Show that, for all \(n \in \mathbb{N}^*\), we have \(2^{n-1} \leq n! \leq n^n\).

Basic step: For \(n=1\), \(2^0 = 1 <1^1 = 1<1\checkmark\)

Inductive Step: Suppose \(P(n)\) is true for \(n\).

Then we have \(2^{n-1} \leq n! \leq n^n\)

Then \(2^{n} = 2 \cdot 2^{n-1} \leq 2 \cdot n! \leq 2 \cdot n^n\) since \(n \geq 2\).

Then \(2^{n}\leq2\cdot n!\leq(n+1)!\leq2\cdot n^{n}\leq n^{n+1}\leq(n+1)^{n+1}\)

Thus \(2^{n} \leq (n+1)! \leq (n+1)^{n+1}\)
Prove by induction that, for all \(n \in \mathbb{N}^*\), \(6\) divides \(7^n - 1\).

Basic step: \(n = 1. \quad 7^1 - 1 = 6, \quad 6 \mid 6 \quad \checkmark\)

Inductive step: Suppose it is true for \(n\).

Then \(6 \mid (7^n - 1) \Rightarrow 7^n - 1 = 6k\)

Then \(7^{n+1} - 1 = 7 \cdot 7^n - 1 = 7 \cdot (7^n - 1) + 6\)

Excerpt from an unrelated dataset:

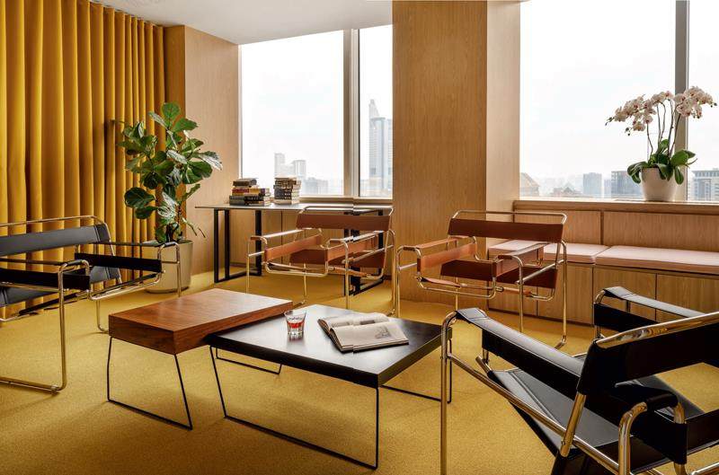 明黄色整体基调给人感官上的极大舒适,灵感在此也更容易迸发,更像是一间装潢别致的度假酒店。随处一抬头,都可以看到开阔窗景外的国贸CBD,在高远处享受一片不同的商务中心景观。包豪斯最经典的代表Wassily椅,以金属为线条框架,光亮、冰冷的色泽与温暖的办公空间基调形成一种奇妙的对照。

\(= 7(6k) + 6 = 42k + 6 = 6(7k + 1)\)

Thus \(6 \mid (7^{n+1} - 1)\)
For \(n \in \mathbb{N}\), we consider the following property:

\(P_n : 2^n > n^2\).
1. Show that the implication \(P_n \implies P_{n+1}\) is true for \(n \geq 3\).
2. For what values of \(n\) is the property \(P_n\) true?
Easily....
Let \((u_n)_{n \in \mathbb{N}}\) be the sequence defined by \(u_0 = 2\), \(u_1 = 3\) and, for all \(n \in \mathbb{N}\), \(u_{n+2} = 3u_{n+1} - 2u_n\). Show that, for all \(n \in \mathbb{N}\), \(u_n = 1 + 2^n\).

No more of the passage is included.